Испугаться не успела, Костя среагировал раньше. Подхватив под поясницу и спину сдернул со стола, все-таки устоявшего, пока я, тесно обвив ногами торс Кости, с возмущением смотрела на эту подлую конструкцию. В голову пришла дурацкая идея. Дрыгнула ногой и Костя, только переведший на меня взгляд, на автомате спустил с рук.

— Это знак судьбы! — трагично возвестила я, сдернув полотенце со столешницы и, прижав ткань к груди и ладонь к тыльной стороне лба, в печали поплыла на выход из кухни, мимо несколько озадачившегося погорелым театром, но тут же печально покивавшего командора с эрекцией.

Ну какой же он…

Когда он требовательно дернул за локоть на себя почти миновавшую его меня, резко развернулась и, обхватывая его шею и плечи, жадно впилась в улыбающиеся губы. Прижал к себе вплотную, срывая дыхание, подавляя язык своим и внезапно отстранился. Совсем. Сев на стул и оперевшись локтем о столешницу, подпер висок пальцами, приподнимая бровь и глядя на растерявшуюся меня.

Уйти, что ли?

Мысль канула в Лету сразу же. Потому что вид Константина Юрьевича, абсолютно расслабленно сидящего на стуле, мягко говоря, завораживал. Ни грамма стеснения, нагой, с плавленым золотом в глазах, в ожидании приподнявший бровь и ее излом явственнее, добавляя резкости чертам лица, даря сродство с хищными, когда настолько все раскованно. Не совсем была уверена, что правильно поняла, но гипнозом то, что вихрилось в его глазах и путалось в горячей крови. Путала мысли. Шаг к нему, останавливаясь между его разведенных ног и колени только начали подгибаться, но остановились, когда он, усмехнувшись, отрицательно повел головой.

Резко двинулся вперед, сжав мое предплечье и дернув на себя так, что почти упала спиной на его грудь. Обнял, прижимая мои руки к моему же телу без возможности пошевелиться и прикусил за плечо. В мыслях горячеющий густой туман от ощущения эрекции под собой, от силы обнимающих рук.

— Кость?.. — хрипло позвала, ощущая, как двинулся подо мной, разнося под кожей опаляющий аромат. Свой. Но без защиты я не согласна…

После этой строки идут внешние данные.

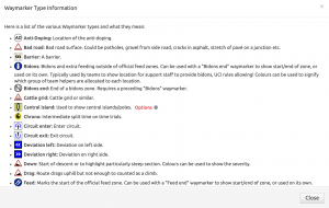 - The levels descriptions (detailed above) are also available in the Race Hub in the Waymarker panel by clicking the Question Mark (?) icon alongside the filter. Details of all Waymarker types is available on the Help button.

Ослабил объятия, но лишь для того, чтобы сжать мои колени и повести ими так, чтобы перекинула ноги за его, а он свои развел шире. Сухой жар по горлу, когда его пальцы сжали грудь и правая пошла рука вверх, к моей шее. Надавил, заставляя откинуться на него, теснее вжаться и вздрогнуть, когда пальцы его левой руки ногтями по животу, до низа, поверхностно по вновь пульсирующей точке и ниже, размазывая влагу по коже.

— Поцелуй меня, — негромко произнес, так же неторопливо отпуская шею, напоследок сжав сильнее и поверхностными касаниями спускаясь пальцами по груди, по чаще вздымающимся ребрам, все ниже, когда я бесполезно пыталась обернуться, чтобы сделать то, что набатом и жаром стучало в голове, но он, улыбаясь делал все, чтобы не смогла его поцеловать.

И резко запустил два пальца одной руки внутрь с одновременным нажимом пальцами второй на самую чувствительную точку, рывком разводя свои ноги и, соответственно, мои.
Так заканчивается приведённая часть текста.